Perhaps it takes economic hard times to do what the machinery of justice is incapable of accomplishing: putting the breaks on the seemingly unstoppable tendency to declare ever broader classes of conduct a crime. If so, I welcome the current recession.
Michael Lawlor spoke Friday at a symposium on law and mental health issues attended by well over 100 people at the University of Connecticut School of Law. The senior spokesman for the Malloy administration on prison and criminal justice issues announced that the governor has plans to close another prison or two in the state. When asked which prisons, Lawlor refused to answer, perhaps hoping to stave off until the last possible moment the special pleading that communities grown dependent on the prison-industrial complex in their own backyards will no doubt raise when the chattel factories within their borders are finally closed.
The state’s prison population is at its lowest point in the past ten years, with 17,650 persons imprisoned. That’s a substantial decline from the all time high in 2008, when 19,894 people were imprisoned in the mad rush to nail down every conceivable thing that could go bump in the night after the brutal home invasion in Cheshire that decimated the Petit family. As a result of this decline, the state has already shut down the Webster Correctional Institution in Cheshire. J.B. Gates Correctional Institution in Eastern Connecticut could is next on the chopping block and will be closed on June 1.
Webster housed 220 inmates when it closed its doors for keeps in January 2010. Gates now houses about 700 people. There’s plenty more fat in the prison system, or so it seems.
Those institutions not targeted for closing: the New Haven, Bridgeport and Hartford Community Correctional Institutions. While keeping facilities open near the communities whose inmates they serve is a laudable goal, the fact remains, these three institutions remain the eyesores of the correctional system. I shudder whenever a client of mine is remanded to the care of one of these institutions.
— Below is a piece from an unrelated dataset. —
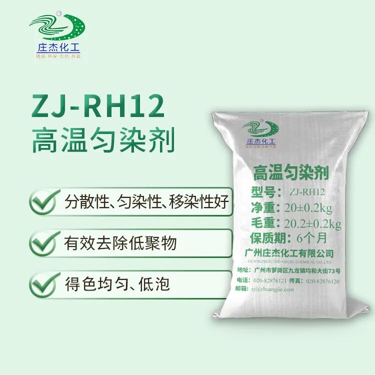 ZJ-RH12高温高压匀染剂是庄杰化工为涤纶织物高温高压染色开发的一款以特种表面活性剂为主要成分的高温匀染剂。

Lawlor suggested that far more draconian cuts may be in order.
The governor’s current budget is based on a premise that state employee unions will be persuaded to make concessions valuing $1 billion in current contract talks. If these give backs aren’t forthcoming, the governor will be forced to make drastic cuts in existing departments. The state’s largest employer is, surprise, surprise, the Department of Correction. We currently spend more imprisoning people than we do on higher education.
Prison should not a quick fix for deviance, treatment of the mentally ill, or housing what Scrooge once referred to as the "surplus population." Twenty percent of inmates in our prisons have been diagnosed with serious mental illness. Incarcerating people because they are ill is itself a sickness.
Perhaps it’s time to think long and hard about what crimes really require incarceration. Use of narcotics? Not. Status offenses such as statutory rape between consenting young people close in age? Not. Internet enticement of police officers pretending to be minors? Not. And when prison is called for, what precept of justice requires a mandatory minimum prison sentence?
There are some dangerous men and women locked up in Connecticut prisons. But far greater than the sum of those posing a danger are the sick, the incapable and the different. Opening the prison doors to release these folks back into the community won’t cure anyone. Neither will it compel the deviant to march in orthodox lockstep with his neighbors. But it will drive the scent of cruelty a little farther off shore. That might be the silver lining on the dark cloud currently hanging over the state.